Friday, December 7, 2012

The Experts Weigh In: From The Outside Looking In


Well, here it goes. I've been asked to write a guest blog post for Strictly Nutritious, which is surprising because I'm not terribly interesting. Before I begin, I must point out that I don't trend towards the nutritious, so this post will be more about feeding your mind - probably not so much your body or spirit.

I'm an American who lives abroad. I've lived in London now for just over two years. I say 'American living abroad' intentionally because I dislike the seeming finality of saying 'ex-pat'. Saying ex-pat seems to preclude the possibility of moving back (I might) and also seems to indicate that I'm not proud of who I am and where I came from (I am).

However, I've found the experience of living abroad to be quite enlightening. In fact, I think the distance of the Atlantic Ocean has given me a great opportunity to cast a more critical eye on the wild, wacky place that I call my homeland.

I hate to say it but America is an angry place. Having worked in politics for four years in Washington, D.C., I know this firsthand. Our office fielded hundreds of angry calls every day from people all over the world. We use violence to get our points across - even IF our only point is: 'I'm angry'. To make matters worse, politicians and talking heads lob ad hominem attacks on 24 hour cable news talk shows without thinking twice.

"Barack Obama is a socialist dictator bent on destroying everything we hold dear"...
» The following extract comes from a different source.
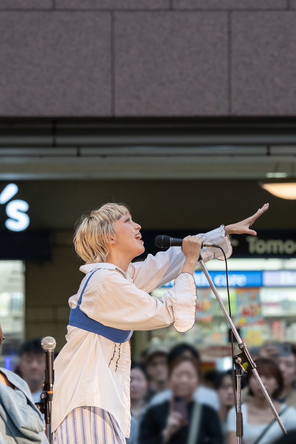 昨年リリースした「GINGUA」では、ループするウッドベースと観衆のクラップが力強いバックビートを作り上げる。Ai Furusatoのピアノは、オリジナルにはないリハモを加え、モノンクルのモチーフを借りつつもしっかりと個性を発揮していく。ステージにリズム楽器はなくとも、そこにはしっかりとしたグルーヴがあった。アコースティックセットでありながらも観客が吉田に合わせて振り付けをダンスできるというのは演奏者としての実力があればこそだ。

"George W. Bush was, quite simply, Hitler"...

I could go on all day.

When did this become OK? Why have we gotten to this point? Just why are Americans so angry?

OK, to be fair, the majority aren't so angry, but here's one thing I've noticed about the UK. People here aren't so angry. 'Keep Calm and Carry On' isn't just a hackneyed poster that tourists buy on Oxford Street. Brits tend to keep their wits about them. Politics here are carried out with a bit of humor and a healthy dose of British self-deprecating wit. People protest, and sometimes the government listens. People whine and complain, but typically they do so with their legendary stiff British upper lip.

I can't say why for sure that it seems less angry here, but I think the biggest reason is that people just aren't that stressed.

If you lose your job, it's tough, but there's a safety net to catch you and help you until you're back on your feet. If you get sick, you don't have to worry that you'll get dropped from your insurance or your co-pay will be too high. The National Health Service - the kind that some politicians will tell you has ruined Britain - takes care of everyone regardless of whether they're a British citizen or not. On top of that, nobody is that overworked because you get about 25 days of holiday every year. University educations are also inexpensive and accessible to all.

It's an amazing thing just how much stress can ruin your life and make you unhappy. I'm not saying that socialized medicine is the panacea, but it's a start. I'm not saying more holiday will make Americans suddenly stop killing each other, but it's a start. Brits have a healthy distrust of the state, but when all is said and done, they know the state will take care of them should any accident occur - it's that underlying comfort that makes people rest a bit easier at night over here.

Now, in the interest of proving that I'm still quite proud to be an American, I must mention a few things the Brits could learn from Americans...

  1. No, you don't need to put butter on EVERYTHING. Some foods' original flavors like to shine through without having to fight through a thick film of fermented cream.
  2. America is multiethnic. Britain is not. You're not getting overrun by immigrants and you don't need to close off your borders. America gains its strength through its diversity.
  3. We get British humor. We just don't think it's that funny.
  4. For the last time, I know rugby players don't wear pads, but there's no way they could beat up our football players. It's not even close.
  5. It's a vitamin, pronounced 'VYE-tuh-min', not 'VIH-tuh-min'. Because it's VYE-tul you eat VYE-tuh-mins, not VIH-tul that you eat VIH-tuh-mins. Case closed.

Bennett Golder lives and works in London, England, but hails from Marietta, Georgia, like myself. He received his BA in Political Science from Vanderbilt University and his Masters in Political Sociology from the London School of Economics. But that's not all! He still managed to fit a career in politics in Washington, D.C. in there somewhere too! On his day off, you can find Bennett doing lots of walking and eating - exploring all the different neighborhoods and culinary fares that London has to offer (but he still likes his collard greens best, as any good Southern boy will tell you). When asked what his favorite part of London is, he replied "I've never been in a more dynamic city than London. Every neighbourhood has its own distinct feel, its own edge. It's massive but not overwhelming, beautiful but not imperfect, and exceptionally diverse in every sense of the word. The author Samuel Johnson once said, 'If you're tired of London, you're tired of life'."